Fadıl Amca ince düşünen bir insandır. “Görebilirsiniz” diyor ama bu, “Benimle hepiniz müzeye gelin” demektir. Oynadığımız filim bulmaca oyunu da zaten tatsız
tuzsuz gidiyordu. Hepimiz aynı filmlere gitmediğimiz için anlaşamıyoruz. Sinemaya giden yok!
Televizyondaki filmleri de herkes seyretmiyor. Böylece güzellikleri paylaşamıyoruz. Televizyonda diziler çağı bitince biz bu oyunu ağız tadıyla oynarız.
Trafiğin yoğun olduğu yol bitince bir yokuşu tırmanmaya başladık. Yükseldikçe limanı, gemileri, dalgakıranı, çay bahçelerini görüyoruz. Kent gözümüzün önüne
serildi.
Keyfimiz yerinde. Fadıl Amca türkülere başladı. Biz de bağıra çağıra katılıyoruz. Türküler bitince marşlar söyledik. . . Güneşten bunaldık, çok yorulduk, duralım derken parka girmişiz. Müze parkın içinde bulunmuyor mu?
En çok yorulan Necmi müzeyi görünce sevindi:
“Ne çabuk geldik Fadıl Amca, demesin mi? Yoldaki şikâyetlerini unutmuş görünüyordu.”
Fadıl Amca gülerek hepimize baktı:
“Konuştuk, fıkralar anlattık, türküler söyledik.
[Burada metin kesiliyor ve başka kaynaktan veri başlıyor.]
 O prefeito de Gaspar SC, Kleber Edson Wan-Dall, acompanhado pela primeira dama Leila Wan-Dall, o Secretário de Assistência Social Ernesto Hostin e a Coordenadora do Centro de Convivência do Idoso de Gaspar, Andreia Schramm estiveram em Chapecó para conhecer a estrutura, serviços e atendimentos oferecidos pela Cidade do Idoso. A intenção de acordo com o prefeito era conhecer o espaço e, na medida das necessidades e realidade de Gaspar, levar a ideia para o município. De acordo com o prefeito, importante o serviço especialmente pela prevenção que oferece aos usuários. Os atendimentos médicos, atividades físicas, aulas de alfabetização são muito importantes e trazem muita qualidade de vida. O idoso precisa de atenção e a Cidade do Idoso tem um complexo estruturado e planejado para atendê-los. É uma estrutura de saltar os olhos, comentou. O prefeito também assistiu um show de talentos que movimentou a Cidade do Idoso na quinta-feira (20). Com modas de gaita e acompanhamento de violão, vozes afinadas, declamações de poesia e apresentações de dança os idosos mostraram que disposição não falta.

Yola söz ile köprü kurduk.
Yürürken sıkılmadınız,” dedi, yüzü gülüyordu.
Parkın havuzundaki ördek yavrularını görünce buraya neden geldiğimizi unuttuk! Anne ördekle yavrularını kovalamaya başladık. Yakalayıp yavruları elimize
almak istiyorduk. Fadıl Amca dağılan müze gezginlerini nasıl toplayacağını şaşırdı.
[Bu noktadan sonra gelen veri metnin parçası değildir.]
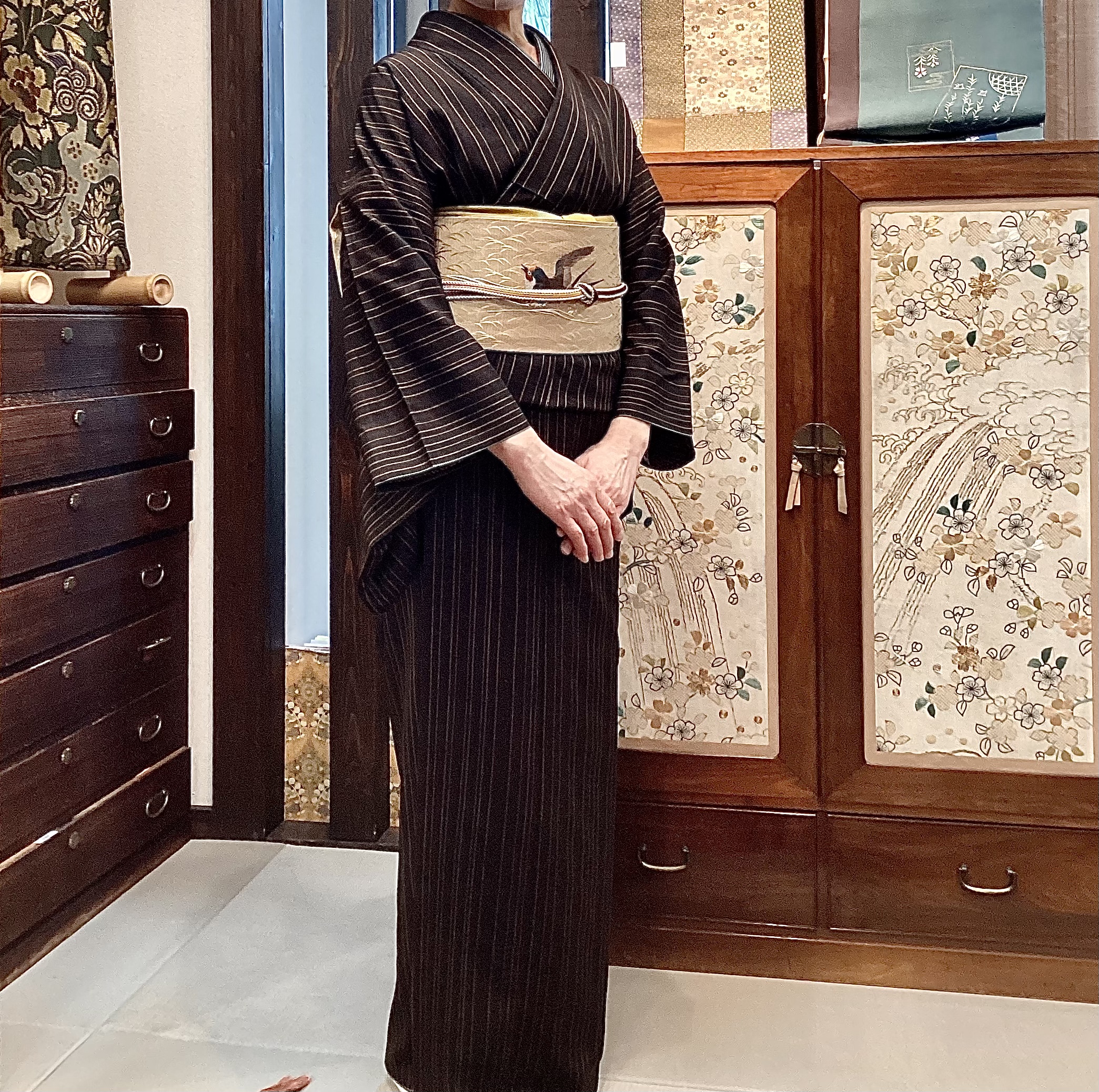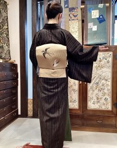 縞のお着物に、ツバメの刺繍帯でご来店いただきました。

“Çocuklar, ördeğin sahibi kızıyor. Kovaladığınız yavrular yoruldu. Müzenin kapanma saati geliyor!”
Ayaklarımız müzenin mermer merdivenlerindeydi ama gözlerimiz ördeklerde kaldı. Müzede vitrinlere konmuş nesnelere bakarken Oğuz yüzünü buruşturup sordu:
“Fadıl Amca, bu kırık tabakları, testileri, vazoları neden koymuşlar vitrinlere.”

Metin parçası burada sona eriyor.